Not all inner products do in fact require conjugation. There are 8 elementary types of inner products on modules over the associative real division algebras: $\mathbb{R}$, $\mathbb{C}$ and $\mathbb{H}$. Over $\mathbb{R}$ and $\mathbb{C}$ you can consider bilinear inner products: symmetric and symplectic, whereas over $\mathbb{C}$ and $\mathbb{H}$ you can consider sesquilinear inner products: hermitian and skew-hermitian. (Over $\mathbb{C}$ the distinction between hermitian and skew-hermitian is just a factor of $i$, but over $\mathbb{H}$ it is really a different type of structure.) You can associate a classical group to each such type of inner product, corresponding to the transformations which leave the inner product invariant and having unit determinant:

  1. $\mathrm{SO}$ for symmetric bilinear over $\mathbb{R}$ and $\mathbb{C}$
  2. $\mathrm{Sp}$ for skew-symmetric bilinear over $\mathbb{R}$ and $\mathbb{C}$ and also hermitian over $\mathbb{H}$
  3. $\mathrm{SU}$ for hermitian (and skew-hermitian) over $\mathbb{C}$
  4. $\mathrm{SO}^\ast$ for skew-hermitian over $\mathbb{H}$

Of these, only the hermitian and skew-hermitian require conjugation, but the skew-hermitian over $\mathbb{H}$ is not positive definite, hence does not give rise to a norm.

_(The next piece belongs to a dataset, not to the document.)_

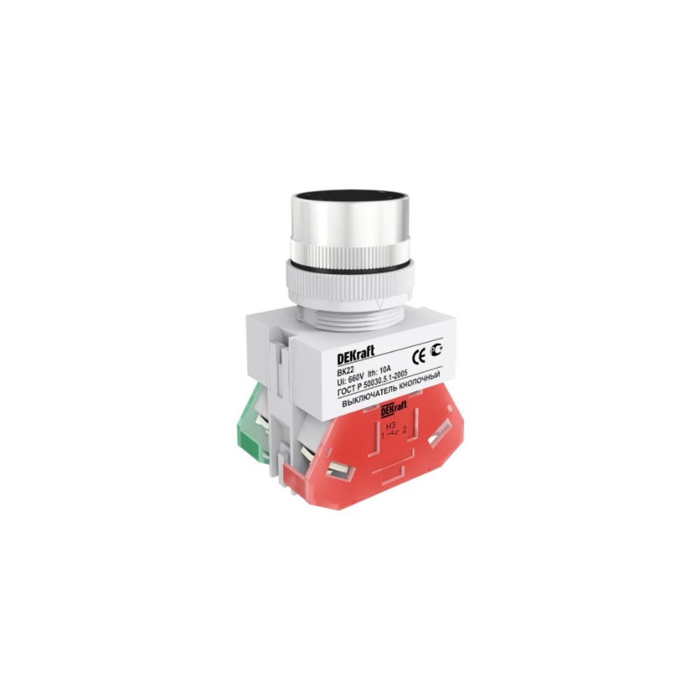 Выключатель кнопочный серии ВК-22 Dekraftс потайным толкателемчерныйбез индикациином.ток 10 Аустановка - на панели или дверистепень защиты - IP54подключение - винтовыми зажимамиВыключатели кнопочные ВК-22 предназначены для коммутации электрических цепей и индикации состояния электрических цепей. Применяются в сетях переменного тока частотой 50/60 Гц с напряжением до 660В. Могут устанавливаться на подвижных и неподвижных частях стационарных установок.

The existence of the inner product says that as a representation of corresponding symmetry group $G$, (one of $\mathrm{SO}$, $\mathrm{Sp}$, $\mathrm{SU}$, $\mathrm{SO}^\ast$) the module $V$ is isomorphic either to the dual module $V^\ast$ (in the case of $\mathrm{SO}$, $\mathrm{Sp}$ and $\mathrm{SO}^\ast$) or to the conjugate dual module $\overline{V}^\ast$ (in the case of $\mathrm{SU}$).

So one possible "high level" explanation (although it feels more like a rephrasing) of the fact that the hermitian inner product on a complex vector space requires conjugation is that the defining representation of the (special) unitary group is isomorphic to its conjugate dual and not to its dual.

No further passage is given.